You can play fatalistic “what-if?” in your head and apply it to just about anything. If my dad were born a few years earlier, maybe he gets drafted, goes to Saigon, comes back lacking certain hardware below the waist and I never exist. If I were a child from Sierra Leone, my parents would probably be slaughtered by warlords, who’d then force me to look for diamonds so they can sell them to Liberians who can then sell them to white people and if I did a good job, I’d be given a gun and ordered to kill the child who did a shitty job, thus entering into a tenure track Warlord Program. With a little imagination and a loose adherence to the rules of time and space, we can concoct infinite scenarios which place us at the heart of each and every tragedy. It reminds me of trying to get a 14 year old to connect to a piece of literature that doesn’t have immediate advice on how to finger their girlfriend or call their dad a “fuckface” without getting grounded. But the brain of a teenager is still developing so it’s excusable for them to be completely solipsistic and self-absorbed most of the time. It’s disconcerting that adults are exhibiting the same sort of behavior.
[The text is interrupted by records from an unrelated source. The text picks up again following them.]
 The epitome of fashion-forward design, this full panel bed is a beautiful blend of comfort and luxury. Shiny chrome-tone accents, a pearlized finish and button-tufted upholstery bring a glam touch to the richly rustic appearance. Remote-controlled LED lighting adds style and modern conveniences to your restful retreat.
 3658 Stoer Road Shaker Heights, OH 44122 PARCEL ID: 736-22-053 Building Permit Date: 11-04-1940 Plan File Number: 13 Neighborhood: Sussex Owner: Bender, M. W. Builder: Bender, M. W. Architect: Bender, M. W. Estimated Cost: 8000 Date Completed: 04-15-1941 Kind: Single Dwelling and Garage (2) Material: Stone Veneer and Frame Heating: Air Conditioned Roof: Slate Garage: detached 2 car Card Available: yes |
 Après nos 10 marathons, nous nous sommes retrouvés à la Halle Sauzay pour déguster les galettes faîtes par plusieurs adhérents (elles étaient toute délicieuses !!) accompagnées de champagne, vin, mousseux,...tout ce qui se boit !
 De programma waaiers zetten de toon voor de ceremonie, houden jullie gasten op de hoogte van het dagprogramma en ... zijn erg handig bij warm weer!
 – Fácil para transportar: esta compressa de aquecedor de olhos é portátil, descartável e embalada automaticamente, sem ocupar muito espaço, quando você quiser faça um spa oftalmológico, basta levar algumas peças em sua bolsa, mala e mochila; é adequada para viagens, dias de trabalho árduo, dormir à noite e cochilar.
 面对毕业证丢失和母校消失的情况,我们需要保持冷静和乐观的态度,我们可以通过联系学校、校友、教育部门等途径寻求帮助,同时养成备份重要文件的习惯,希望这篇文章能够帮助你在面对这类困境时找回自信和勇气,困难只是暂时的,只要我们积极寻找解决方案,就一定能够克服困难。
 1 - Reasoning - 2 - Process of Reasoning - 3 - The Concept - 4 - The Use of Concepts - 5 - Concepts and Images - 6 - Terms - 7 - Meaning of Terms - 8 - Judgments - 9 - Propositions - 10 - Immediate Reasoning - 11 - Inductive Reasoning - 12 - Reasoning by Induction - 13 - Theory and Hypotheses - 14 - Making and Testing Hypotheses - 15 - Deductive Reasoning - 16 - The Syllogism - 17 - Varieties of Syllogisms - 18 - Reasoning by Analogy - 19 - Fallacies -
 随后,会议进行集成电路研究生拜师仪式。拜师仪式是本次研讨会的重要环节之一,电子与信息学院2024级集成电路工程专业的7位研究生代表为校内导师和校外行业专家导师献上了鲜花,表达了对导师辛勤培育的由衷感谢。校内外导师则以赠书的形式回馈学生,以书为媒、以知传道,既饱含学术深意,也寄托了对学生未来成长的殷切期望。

Or is this just something that I/we need to get used to? Given our culture’s omnipresent relationship to reality television and social media that — keeps us connected, sure — but also provides us with staggeringly efficient and socially accepted ways to inseminate the ether with our own narcissism, can I really be surprised that people manage to view things, almost exclusively, as how they pertain to themselves? Like teenagers, some of us still view the totality of life as if it were a movie in which we’re the main character and the endless combinations of events, individuals and contexts are A.) Things that we haven’t quite figured out how they relate to us; fit in our movie. or B.) Not important. And so when Something big and terrible and quite obviously important in every grander sense happens, we can’t help but snap into this “Hey, me too!” autopilot in which we grasp for every and any connection to this Thing, no matter how slight. Why? Because it’s so obviously big and important and we need in on that communal experience, even if it’s painful? Are we greedy attention whores heeding the example set by a culture that rewards greedy attention whoring? Do we not know how to empathize in any other way? Is it because we spend so much time staring at ourselves in mirrors of our own words and wit that we’ve been conditioned into viewing everything through that lens of self-absorbtion?
I don’t mean to suggest reality television and social media invented this phenomena. People have been co-opting pain and misery since guilt and sympathy were recognized as effective emotional manipulators, but our modern context provides a new canvas for it to flourish truer and deeper, not to mention record it for posterity. Nor is it my intention here to pronounce who’s really affected by whatever such tragedy. There are certainly real and valid ways for one to be proximately and indirectly affected by a tragedy. And sometimes you shift lanes at just the right moment and avoid becoming the person who is about to have a seriously shitty day. This is that guy’s shitty day now, not yours. Let him have it.